Role of uterine forces in intrauterine device embedment, perforation, and expulsion

Abstract

Background

The purpose of this study was to examine factors that could help reduce primary perforation during insertion of a framed intrauterine device (IUD) and to determine factors that contribute in generating enough uterine muscle force to cause embedment and secondary perforation of an IUD. The objective was also to evaluate the main underlying mechanism of IUD expulsion.

Methods

We compared known IUD insertion forces for “framed” devices with known perforation forces in vitro (hysterectomy specimens) and known IUD removal forces and calculated a range of possible intrauterine forces using pressure and surface area. These were compared with known perforation forces.

Results

IUD insertion forces range from 1.5 N to 6.5 N. Removal forces range from 1 N to 5.8 N and fracture forces from 8.7 N to 30 N depending upon device. Measured perforation forces are from 20 N to 54 N, and calculations show the uterus is capable of generating up to 50 N of myometrial force depending on internal pressure and surface area.

Conclusion

Primary perforation with conventional framed IUDs may occur if the insertion pressure exceeds the perforation resistance of the uterine fundus. This is more likely to occur if the front end of the inserter/IUD is narrow, the passage through the cervix is difficult, and the procedure is complex. IUD embedment and secondary perforation and IUD expulsion may be due to imbalance between the size of the IUD and that of the uterine cavity, causing production of asymmetrical uterine forces. The uterine muscle seems capable of generating enough force to cause an IUD to perforate the myometrium provided it is applied asymmetrically. A physical theory for IUD expulsion and secondary IUD perforation is given.

Keywords:

• IUD
• insertion forces
• removal forces
• fracture forces
• intrauterine pressure
• intrauterine surface area

Supplementary material

Mathematical glossary

a. The presenting surface area (psa) of an IUD inserter is related to the diameter by the formula π r², where r is the radius, ie, the diameter/2. $\text{Psa}={(\text{diameter}/2)}^2\times \pi$

b. Intrauterine force is a vector quantity, ie, it has both magnitude and direction.
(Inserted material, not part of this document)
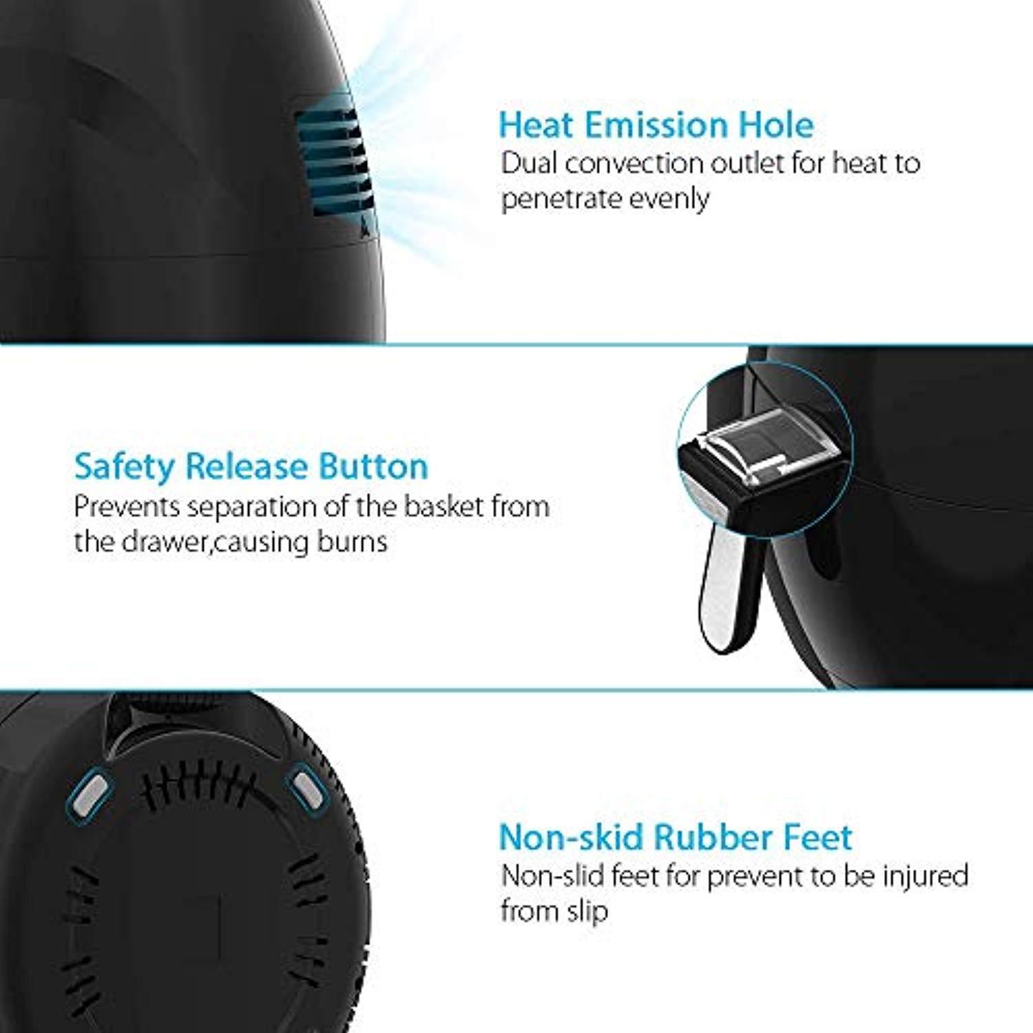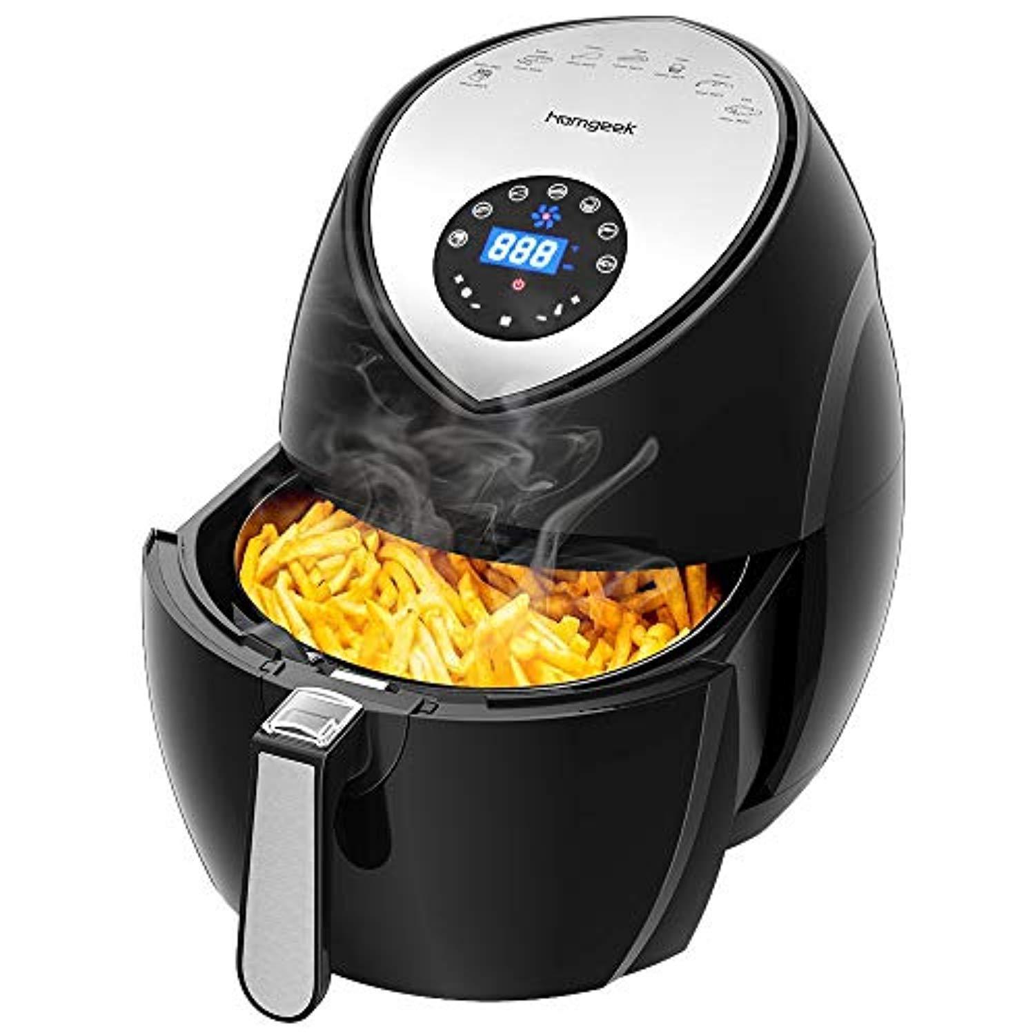 • 【Homgeek Promise: 1year warranty】Rapid Air Circulation Technology : Use and hot air to fry foods with little or no added oil so that you can both have a healthy lifestyle and enjoy your favorite fried food. We also adopt advanced LED touch screen techniques in order to save your time on cooking.

Intrauterine pressure is a scalar quantity, ie, it has magnitude only. $\text{Pressure}=\text{force}/\text{unit area},\text{ and therefore},\text{ Force}=\text{pressure}\times \text{unit area}$

The force in Newtons (N) of uterine contraction can be calculated from intrauterine pressure and intrauterine (endometrial cavity) surface area. $\text{Pressure is usually measured in Pascals and a Pascal}={\text{N}/\text{meters}}^2\text{ or N}=\text{Pascal}\times {\text{meters}}^2$

If intrauterine pressure is measured in mmHg and endometrial cavity surface area is measured in mm², then as $1\text{ kPascal}=7.5\text{ mmHg}$

and $\text{mmHg}=\frac{\text{kPascals}\times {10}^3}{7.5}=\text{Pascals}$

and $\begin{array}{c}{\text{mm}}^2={\text{meter}}^2\times {10}^{-6}\\ \text{Intrauterine force}(\mathrm{N})=\text{mmHg}/7.5\times {10}^3\times {\text{mm}}^2\times {10}^{-6}\\ =\text{mmHg/}7.5\times {10}^{-3}\times {\text{mm}}^2\end{array}$

Calculation of uterine force in Newtons is a summation of the overall forces related to a particular pressure and surface area. It does not provide the direction or directions of the component forces, and some of the forces may act in different directions and in opposition.
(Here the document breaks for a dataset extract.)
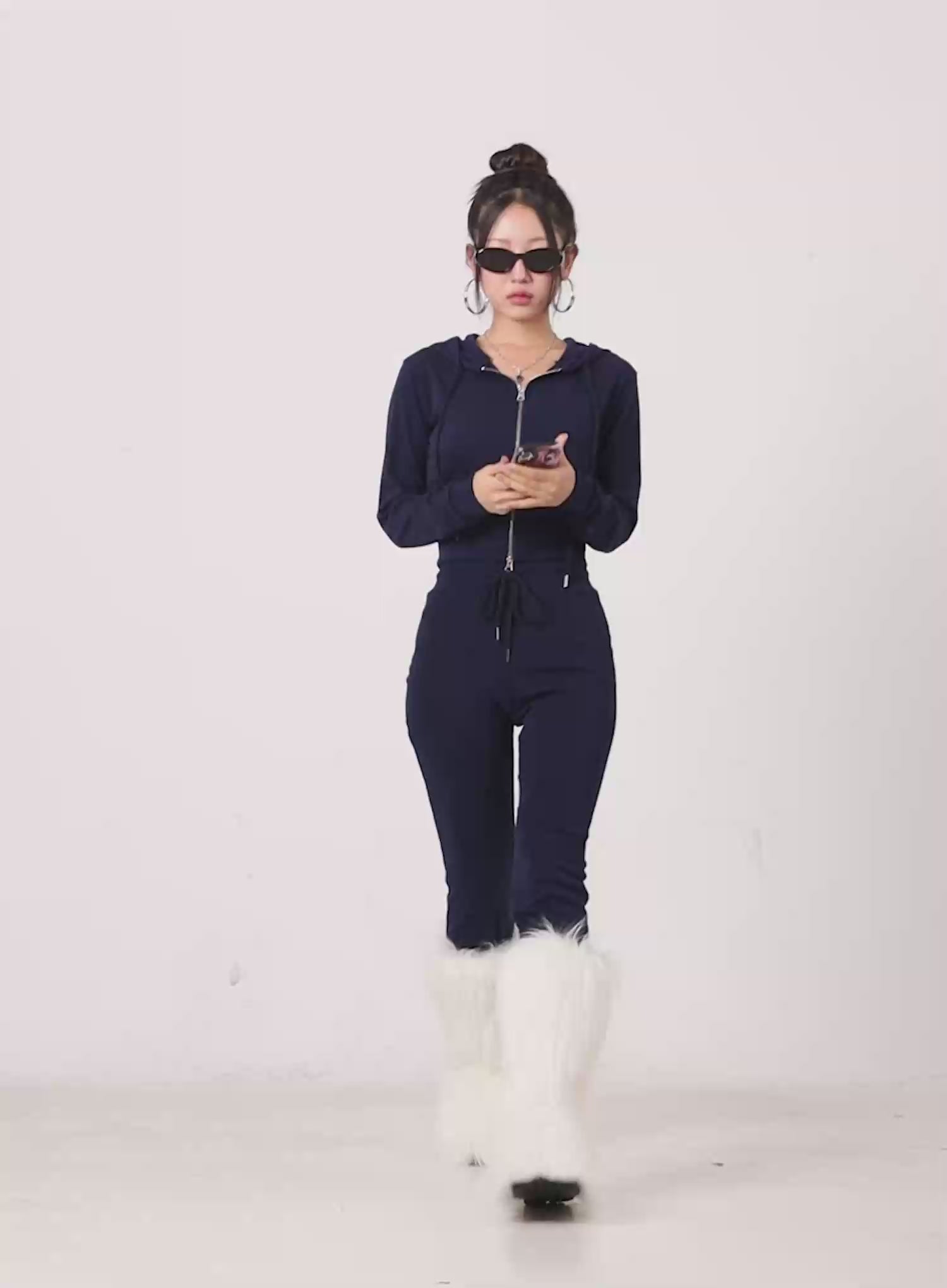 Model is wearing size S/M and the color Dark blue.

c. 1 lb force =4.4482 Newtons.

Disclosure

DW has been involved in the optimization of innovative drug delivery systems for use in the uterus. He is currently an advisor in devising new concepts in controlled release for contraception, gynecological treatment, and prevention of infectious diseases. NDG reports no conflict of interest in this work.